Metabolically healthy and unhealthy obesity phenotypes in the general population: the FIN-D2D Survey
- Equal contributors
1 Diabetes Prevention Unit, Division of Welfare and Health Promotion, National Institute for Health and Welfare, Helsinki, Finland
2 Department of Medicine, Division of Diabetes, University of Helsinki, Helsinki, Finland
3 Minerva Medical Research Institute, Helsinki, Finland
4 Department of Internal Medicine, South Ostrobothnia Central Hospital, Seinäjoki, Finland
5 Institute of Health Sciences (General Practice), University of Oulu, Finland
6 Unit of General Practice, Oulu University Hospital and Health Centre of Oulu, Oulu, Finland
7 Tampere University Hospital, Tampere, Finland
8 Department of Medicine/Diabetology and Endocrinology, Kuopio University Hospital, Kuopio, Finland
9 Finnish Diabetes Association, Tampere, Finland
10 Department of Medicine, Central Finland Central Hospital, Jyväskylä, Finland
11 Disease Risk Unit, Department of Chronic Disease Prevention, National Institute for Health and Welfare, Helsinki, Finland
12 School of Medicine, Unit of Primary Health Care, University of Eastern Finland, Kuopio, Finland
13 Unit of Family Practice, Central Hospital of Central Finland, Jyväskylä, Finland
14 Institute of Public Health and Clinical Nutrition, Clinical Nutrition, University of Eastern Finland, and Research Unit, Kuopio University Hospital, Kuopio, Finland
BMC Public Health 2011, 11:754 doi:10.1186/1471-2458-11-754Published: 1 October 2011
The aim of this work was to examine the prevalence of different metabolical phenotypes of obesity, and to analyze, by using different risk scores, how the metabolic syndrome (MetS) definition discriminates between unhealthy and healthy metabolic phenotypes in different obesity classes.
The Finnish type 2 diabetes (FIN-D2D) survey, a part of the larger implementation study, was carried out in 2007. The present cross-sectional analysis comprises 2,849 individuals aged 45-74 years.
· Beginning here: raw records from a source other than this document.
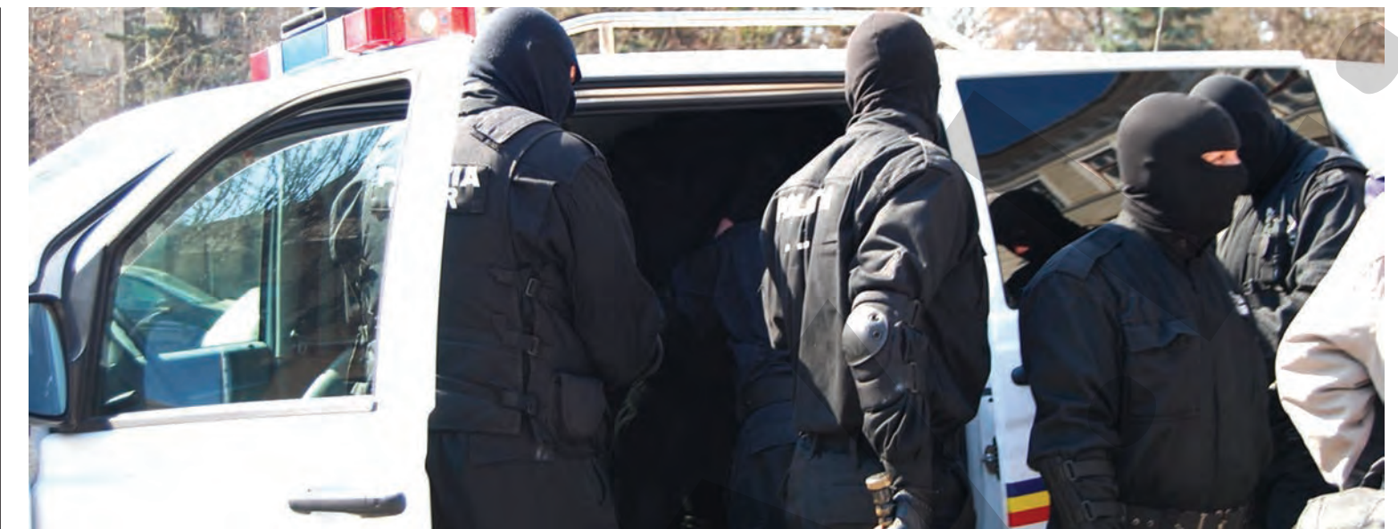
● Oamenii legii au vizat mai multe adrese din București, Ilfov și Prahova

PERCHEZIȚII ÎN MAI MULTE JUDEȚE DIN ȚARĂ ● DOSAR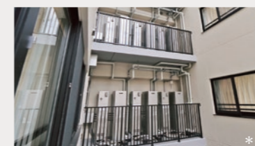
1台のエネファームを数戸で共同利用するシェアリングエネファームで熱を有効活用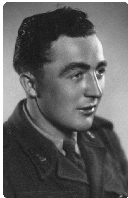
Otec jako voják.

Od pohledu jsem otcova syna, s nímž jsem samozřejmě nebyl pokrevně příbuzný a který se svojí matkou bydlel ve Volduchách, znal, ale posléze mi zmizel z očí. Byl o dva roky starší než já. Zlá vzpomínka na nevážené a nezdařené manželství pronásledovala otce celý život a chtěl mne od něj za každou cenu uchránit. Bude o tom ještě nejedna zmínka, zejména v kapitole o nezapomenutelné Lence, mé veliké lásce. O svém synovi se otec domníval, že nemusí být jeho otcem, ale formálně a úředně tuto citlivou záležitost nikdy nezpochybnil. Já jsem mezi nimi však jistou podobu viděl. Byl jsem tedy ze strany obou rodičů jakýmsi nepravým jedináčkem. Oba rodiče se snažili mít dalšího potomka, ale nezdařilo se jim to. Otec prý v dospělosti na vojně prodělal příušnice a doprovodný komplikující zánět varlat jej učinil neplodným. Vojnu absolvoval otec jako řidič v Pošumaví. Zařazení do PTP jako syn „kulaka“ unikl vzhledem k tomu, že se jeho starší bratr po návratu z totálního nasazení stal členem KSČ a za bratra se přimluvil. Pro službu u pohraniční stráže však byl i tak nespolehlivý, a tak jen vozil proviant a prádlo.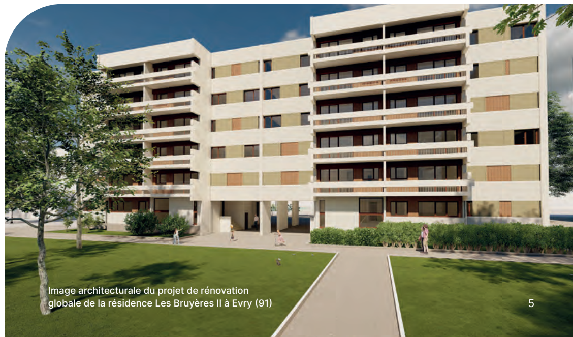
Image architecturale du projet de rénovation globale de la résidence Les Bruyères II à Evry (91)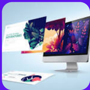
Le web design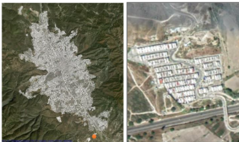
FIGURA 1 Y 2:

Figura 1 y 2: Ubicación del fraccionamiento “Nuevo Mirador” en Chilpancingo.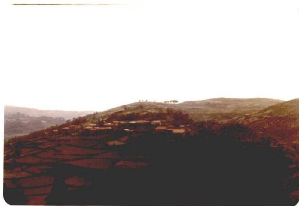
Fotografías 6 y 7. Dos aspectos de Cambeses, aldea del término municipal de La Lama, situada cerca de la intersección de las Sierras del Suido (en primer término) y del Cando (al fondo). Se puede ver la clara diferencia entre la parte alta de los montes, y las laderas, que son aprovechadas en gran cantidad de parcelas, casi hasta el propio cauce del río.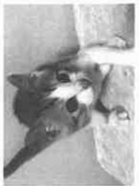
【保護猫たち、譲渡会前の〜コマ】

提案② このような猫の問題を解決するには地域猫の活動を組織化して、公園などではなくシエルトー施設(空き家活用など)で管理すれば双方が成り立ち方もいれませんか。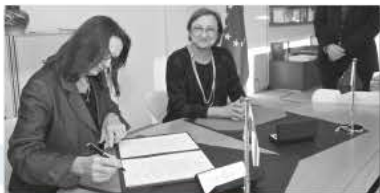
Deposit of the instrument of ratification of Protocol No. 16 / Dépot de l'instrument de ratification du Protocole n° 16 (07/12/2015)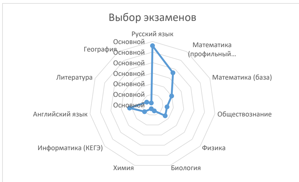
Диаграмма 1 Сравнительный анализ выбора экзаменов в 2023/2024 уч.г.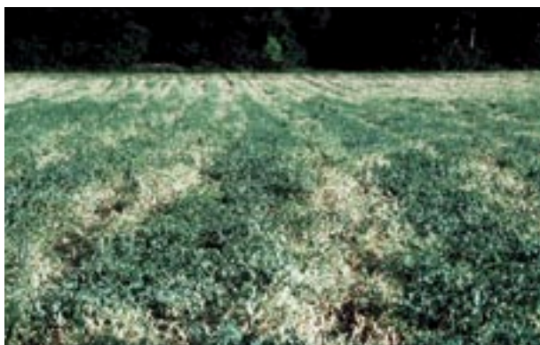
Abb.2 Ungleichmässiger Erbsenbestand aufgrund von Bodenverdichtungen.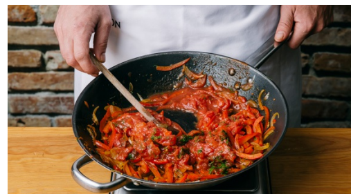
5. Sugo maken

Verhit een grote koekenpan met 1-2el olijfolie op middelhoog vuur en bak de gnocchi in 8-10min rondom goudbruin en knapperig. Roer regelmatig door en breng op smaak met peper en zout. Houd de gnocchi warm tot aan het serveren.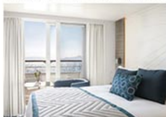
陽台艙 (3、4、5樓, 約 6.8坪)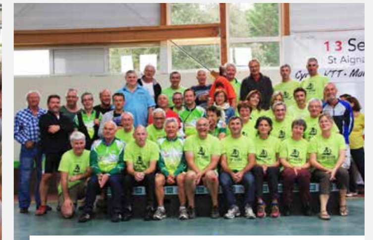
Lors de la randonnée 2015 « La Grand Lieu », les bénévoles du Cyclo Club de Grand Lieu prennent la pose. La prochaine édition aura lieu le dimanche 11 septembre prochain. Notez la date.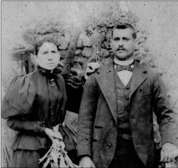
El matrimoni Austrich-Alum recent casats

d'altres, pel pare de la criatura, la mare de Germinal Ros i tres representants de la Unió Republicana, vinguts expressament de Barcelona.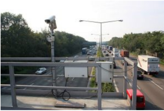
Webcam an der A1.

Wer diese sinnvolle, weil sehr schnelle Informationsquelle nutzen möchte, ruft im Internet die Seite http://www.verkehr.nrw.de/ auf. Es erscheint eine Straßenkarte. Entlang der Autobahnen sind nun die Standorte der Webcams mit einem leider sehr kleinen Kamerasymbol gekennzeichnet. Nach einem Klick auf dieses Kamerasymbol öffnet sich ein Fenster mit zwei Standfotos für beide Fahrtrichtungen. Wenn man nun auf eins dieses Fotos klickt, öffnet sich ein weiteres Fenster, das dann nach ein paar Sekunden ein bewegten Bild liefert.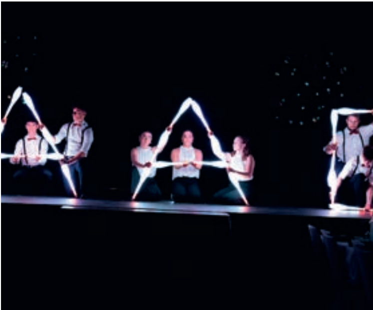
In jedem Sinne ein Leuchten!

Das Jubiläumsvarieté im Stadtsaal Kaufbeuren im November 2025 war ein besonderer Moment im Vereinsjahr und zugleich ein sichtbares Zeichen für 25 Jahre Artistica Anam Cara. An fünf Veranstaltungstagen wurde jeweils ein rund dreistündiges Programm gezeigt, das Bewährtes mit neuen Elementen verband. Neben klassischen Jonglage- und Akrobatikeinlagen kamen erstmals auch Formate wie LED-Jonglage und LED-Poi zum Einsatz. Diese wurden durch eine entsprechende Förderung erst möglich. Luftakrobatik ergänzte das Programm und verlieh dem Abend zusätzliche Facetten. Mit etwa 100 Aktiven im Alter von 8 bis 50 Jahren stand eine ungewöhnlich breite Gruppe gemein-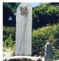
殉難碑と墓石 (松浜本町2)

1867(慶応3)年の大政奉還後、新政府が成立しても依然として旧幕府勢力が根強く、情勢は混沌としていました。翌年の1868(慶応4)年には、北越戊辰戦争が始まりました。新政府軍は、7月25日に太夫浜付近に上陸し、新発田藩の協力によって旧幕府軍の軍需補給地である新潟港を制圧しました。この動乱期に活躍した北区ゆかりの人々を紹介します。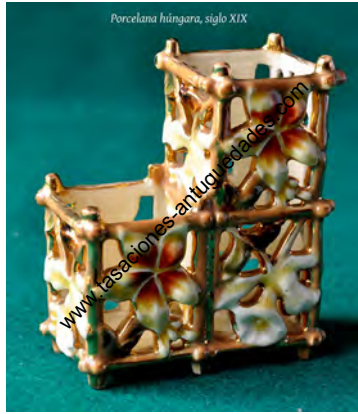
Porcelana húngara, siglo XIX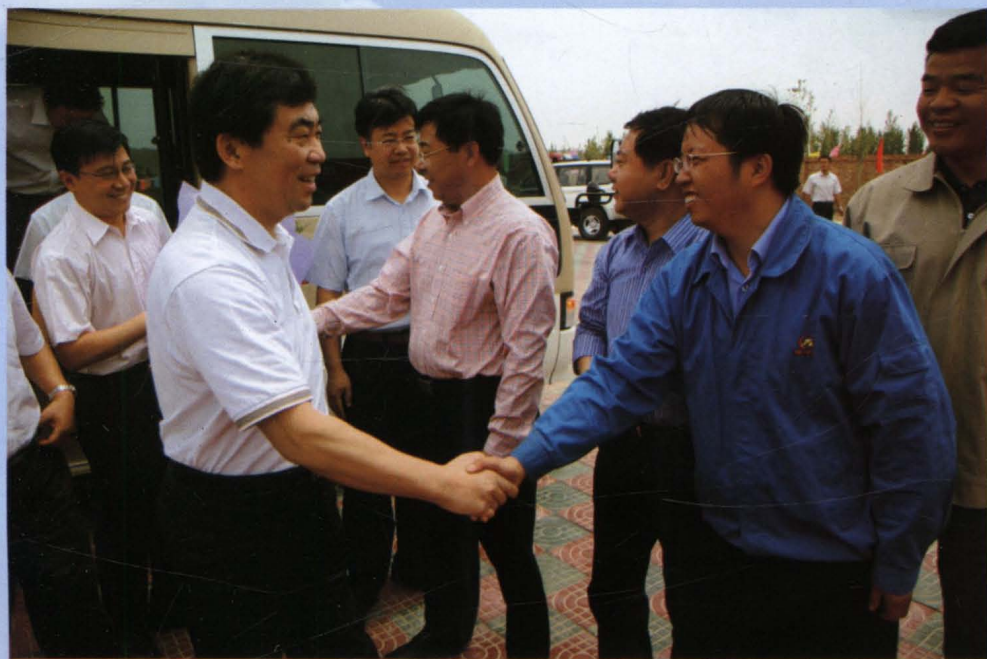
2006年6月13日，华电集团总经理曹培玺到灵武电厂工程建设现场视察。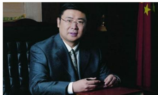
李勇：中国人力资源开发研究会副会长，华永投资集团董事局主席、全国政协委员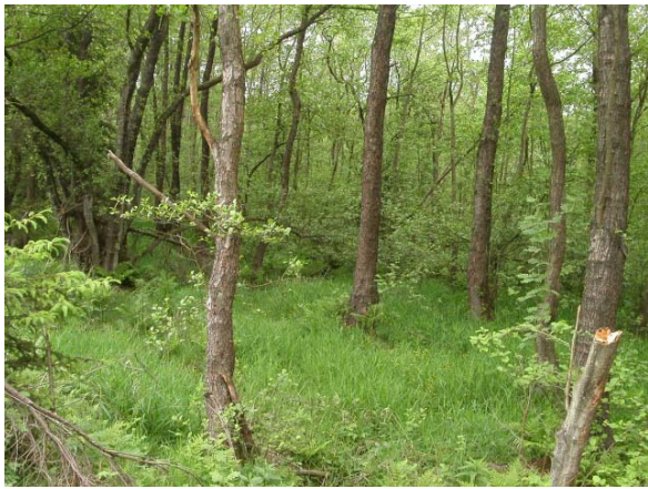
Abb. 7: D 17, LRT *91E0 Erlen- und Eschenwälder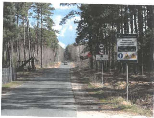
Zdjęcie 2 Droga dojazdowa do miejscowości

Opracowanie Sołeckiej Strategii Rozwoju było skutkiem przeprowadzenia dwudniowych warsztatów , które poprzedzone zostały wizytacją miejscowości przez moderatorów.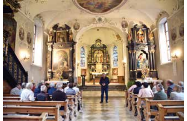
Walter Lingg führte die Seniorinnen und Senioren mit viel Wissen und Geschichte durch die Pfarrkirche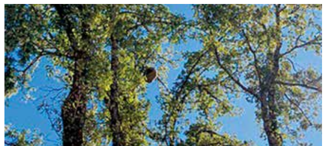
Situación del nido en el árbol.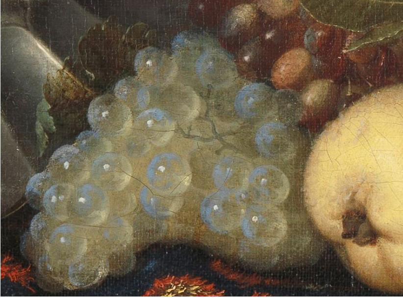
Simon Luttichuys (attributed to), Still Life with Fruit, Plates and Dishes on a Turkey Carpet (detail), 1650–1680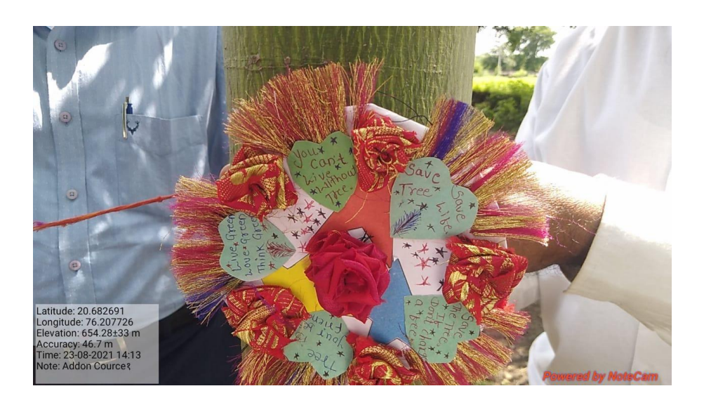
14) Inauguration of Nursery on 01/10/2021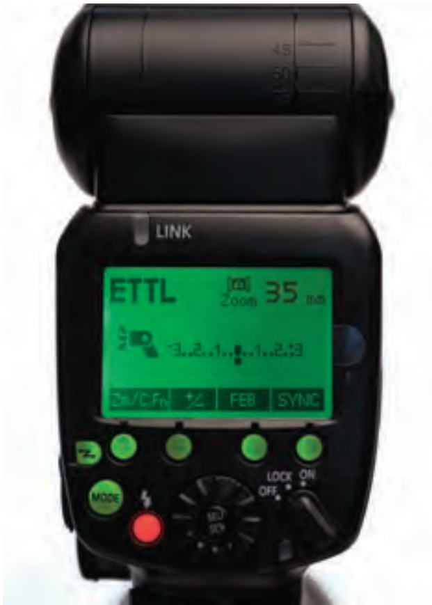
تصویر ۸۴ ▲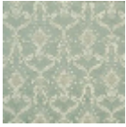
I6624002 002 rialto palazzo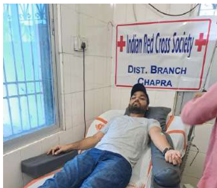
Blood donation camp, Chapra Bihar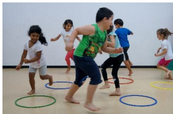
Komm in mein Haus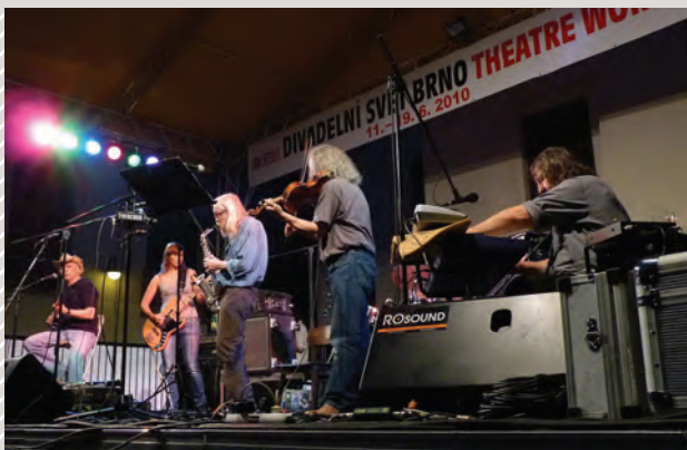
Plastic People of the Universe

V hudbě, kterou protagonisté undergroundu provozovali, můžeme vysledovat jeden podstatný rys: zvažnění. Bylo třeba zřejmě šokujícího bondyovského období u Plastic People of the Universe (PPU) a osvobozujícího smíchu u DG 307 , aby mohly vzniknout (v podstatě bez přímé zpětné vazby početnějšího publika) ucelené cykly PPU Pašijové hry (1978), Ladislavem Klímou inspirované Jak bude po smrti (1979), Co znamená vésti koně (1981) či program rustikální poezie Pavla Zajíčka s nezvykle ukázněným projevem DG 307 Dar stínů . U PPU se stal rozhodující textařskou osobností Vratislav Brabeneč. I hudba Mejly Hlavsy se odklání od rytmické složky rocku a svou podstatou se blíží liturgiím či oratoriu. ( Život v tahu aneb Třicet roků v rocku, Ondřej Konrád, Vojtěch Lindaur, 1990 )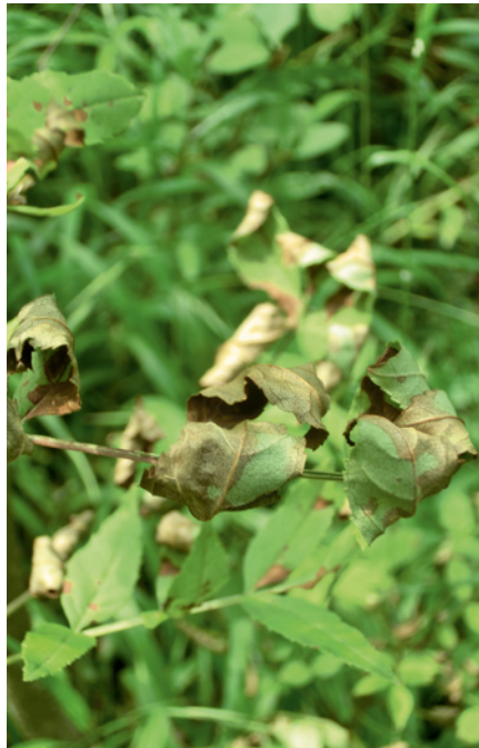
1. Verfärbte Blätter

Unregelmäßige Farbveränderungen an den Blattspreiten der Fiederblätter (Bräune) zeigen eine erste Infektion (Abbildung 1). Zeitlich deutlich verzögert werden dann beige-braune bis orange-braune Rindennekrosen an den Trieben sichtbar, die im unbelaubten Zustand sehr deutlich zu erkennen sind (Abbildung 2). Das Holz unterhalb dieser Nekrosen ist blau-grau bis dunkelbraun verfärbt. Diese Holzverfärbung ist allerdings nicht auf den Bereich der Nekrose beschränkt, sondern setzt sich ober- und unterhalb fort. Die Rindennekrosen können bereits im Herbst des Infektionsjahres oder auch erst im folgenden Frühjahr erkennbar werden. Triebumfassende Nekrosen unterbrechen die Wasserversorgung des Astes, so dass Pflanzenteile oberhalb der Nekrose welken und absterben (Abbildung 3). Da zu diesem Zeitpunkt noch keine Trennungszone ausgebildet wird, bleiben die Blätter noch längere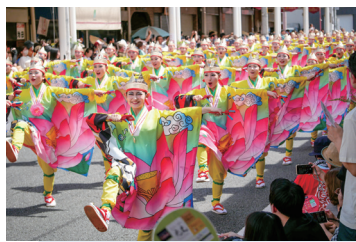
8月11日(金・祝) 第70回 よさこい祭り

The MetS was defined with the new Harmonization definition. Cardiovascular risk was estimated with the Framingham and SCORE risk scores. Diabetes risk was assessed with the FINDRISK score. Non-alcoholic fatty liver disease (NAFLD) was estimated with the NAFLD score. Participants with and without MetS were classified in different weight categories and analysis of regression models were used to test the linear trend between body mass index (BMI) and various characteristics in individuals with and without MetS; and interaction between BMI and MetS.
A metabolically healthy but obese phenotype was observed in 9.2% of obese men and in 16.4% of obese women. The MetS-BMI interaction was significant for fasting glucose, 2-hour plasma glucose, fasting plasma insulin and insulin resistance (HOMA-IR)(p < 0.001 for all). The prevalence of total diabetes (detected prior to or during survey) was 37.0% in obese individuals with MetS and 4.3% in obese individuals without MetS (p < 0.001). MetS-BMI interaction was significant (p < 0.001) also for the Framingham 10 year CVD risk score, NAFLD score and estimated liver fat %, indicating greater effect of increasing BMI in participants with MetS compared to participants without MetS. The metabolically healthy but obese individuals had lower 2-hour postload glucose levels (p = 0.0030), lower NAFLD scores (p < 0.001) and lower CVD risk scores (Framingham, p < 0.001; SCORE, p = 0.002) than normal weight individuals with MetS.
Undetected Type 2 diabetes was more prevalent among those with MetS irrespective of the BMI class and increasing BMI had a significantly greater effect on estimates of liver fat and future CVD risk among those with MetS compared with participants without MetS. A healthy obese phenotype was associated with a better metabolic profile than observed in normal weight individuals with MetS.